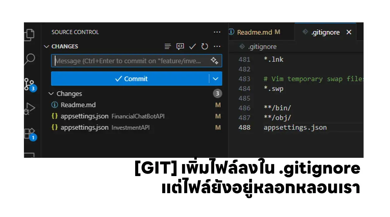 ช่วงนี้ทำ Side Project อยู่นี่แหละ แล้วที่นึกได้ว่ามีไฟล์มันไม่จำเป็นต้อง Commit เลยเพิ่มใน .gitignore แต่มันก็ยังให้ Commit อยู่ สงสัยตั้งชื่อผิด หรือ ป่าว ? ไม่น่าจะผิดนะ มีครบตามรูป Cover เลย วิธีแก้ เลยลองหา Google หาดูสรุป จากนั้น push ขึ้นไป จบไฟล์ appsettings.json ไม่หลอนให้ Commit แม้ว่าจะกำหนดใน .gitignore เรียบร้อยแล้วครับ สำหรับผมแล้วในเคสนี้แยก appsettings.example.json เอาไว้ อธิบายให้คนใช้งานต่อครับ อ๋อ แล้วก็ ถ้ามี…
---
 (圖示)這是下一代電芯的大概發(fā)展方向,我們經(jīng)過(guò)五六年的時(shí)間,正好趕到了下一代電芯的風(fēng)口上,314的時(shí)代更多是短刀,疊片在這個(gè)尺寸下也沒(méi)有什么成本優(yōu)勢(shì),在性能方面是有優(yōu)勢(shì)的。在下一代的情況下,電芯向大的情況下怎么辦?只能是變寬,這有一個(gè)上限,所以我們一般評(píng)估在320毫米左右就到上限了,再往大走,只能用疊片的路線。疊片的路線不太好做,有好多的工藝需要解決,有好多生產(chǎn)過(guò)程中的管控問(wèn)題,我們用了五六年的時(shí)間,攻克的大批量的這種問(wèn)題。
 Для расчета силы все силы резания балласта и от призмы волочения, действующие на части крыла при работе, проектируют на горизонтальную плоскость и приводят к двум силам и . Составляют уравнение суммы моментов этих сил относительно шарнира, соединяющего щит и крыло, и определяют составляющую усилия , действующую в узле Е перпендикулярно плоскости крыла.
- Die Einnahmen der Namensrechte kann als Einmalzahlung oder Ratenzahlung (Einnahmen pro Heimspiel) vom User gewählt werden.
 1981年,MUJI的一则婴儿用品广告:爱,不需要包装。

Instructions to follow: Wherever the line holding "- Die Einnahmen" falls in the entries above, copy exactly from it through the line holding "1981年,MUJI的一则婴儿用品广告:爱,不需要包装。", inclusive, and add nothing.

Written solution:
- Die Einnahmen der Namensrechte kann als Einmalzahlung oder Ratenzahlung (Einnahmen pro Heimspiel) vom User gewählt werden.
 1981年,MUJI的一则婴儿用品广告:爱,不需要包装。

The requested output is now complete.